Toda
la sabiduría de sus antepasados, toda la inteligencia de raza estaba contenida en
la hermosa cabeza leonada color caramelo de Reberte III. Venía de una saga de
guardianes fieles, con un instinto innato de nobleza y lealtad, trasmitido generación
tras generación. Y él era el mejor de su especie.
Ahora
en su lugar secreto, tumbado a los pies de su amo roía sin descanso la cuerda
que lo sujetaba. Era el único sitio con un tibio sol a esa hora desde el que
casi se podía casi tocar el cielo
Aplicado
a su tarea, por su mente iban pasando imágenes secuenciadas de todos sus antepasados,
no por conocidas menos emocionantes para él. Las escenas se sucedían con tal realismo
que sentía su dolor, su rabia, y su impotencia como propios.
El
amo había sido siempre un hombre cruel y bronco con los que le rodeaban, ya
fueran personas o animales, a veces más con los primeros. Su mando lo ejercía
por la fuerza ya el palo, ya la estaca, ya el cinturón, incluso con sus propias
manos. Nunca tuvo consciencia que el perdedor podría haber sido él en las
desiguales luchas que libraba. Vacas, perros, yuntas… temblaban al menor amago de
su parte. Nunca lo atacaron, siempre les
ganaba la nobleza.
Curtido
en la dureza del campo y supeditado al peso de su apellido necesitaba cada vez
más la obediencia y sometimiento de todos. Trabajaba de forma bestial, sin descanso
y sus exigencias se extendían a su entorno. No había perdón para los fallos. El
sacrificio de los animales “inservibles” o rebeldes se ejecutaba sin más. El
castigo a las personas, también.
Las
imágenes de apaleamientos, golpes y castigos eran su acicate.

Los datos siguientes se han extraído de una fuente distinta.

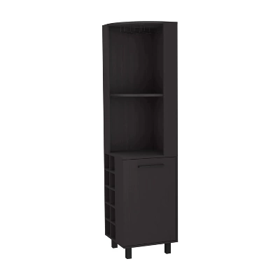 Featuring a rich Wengue finish, this piece brings elegance with its deep, sophisticated wood tone, enhancing any room¡¯s aesthetic. It includes four spacious shelves to maximize storage and organization, along with a built-in glass holder for secure stemware storage and a wine rack for stylishly displaying favorite bottles. Combining functionality and elegance, it is a perfect addition to home bars, dining rooms, or living spaces, keeping essentials organized while adding a touch of sophistication.

Todos sus
antepasados y aquellas criaturas clamaban venganza y él… roía, roía, roía en
silencio. Los espíritus de los heridos y muertos por aquel hombre ocupaban
ahora su enorme cabeza de espléndido mastín. Su abuelo Reberte I murió
balanceándose de un olivo por acercarse demasiado a juguetear con un
borreguillo. De nada valieron tantos años de fiel pastoreo sin que lobo alguno
se acercara.
Sus
afilados dientes estaban a punto de terminar de soltar esa atadura que en
realidad no hubiera sido necesaria si…
La
residencia de acogida, donde vivía ahora con él, ocupaba un enorme edificio de
10 plantas descuidado y lóbrego donde el sol era un regalo. El amo, ahora ciego
e inerme, dormitaba sentado en la azotea donde él le había guiado esa mañana. Solo
Reverte III le acompañaba en su vejez y le ayudaba a desplazarse.
Cortó
los últimos hilos que le unían a la cuerda del arnés y esperó. Unos minutos
después vio como él desplegaba el bastón telescópico y sintió el violento tirón
del arnés. La orden, como un trallazo, avisó a Reverte III de que había llegado
el momento. El hombre extendió el bastón y dio un paso adelante confiado. Liberado
del arnés solo tuvo que apartarse unos centímetros a la derecha y quedarse al
borde del abismo oyendo los improperios y gritos alejarse en el vacío.
Lo
había conseguido. Por él y por todos las otras víctimas.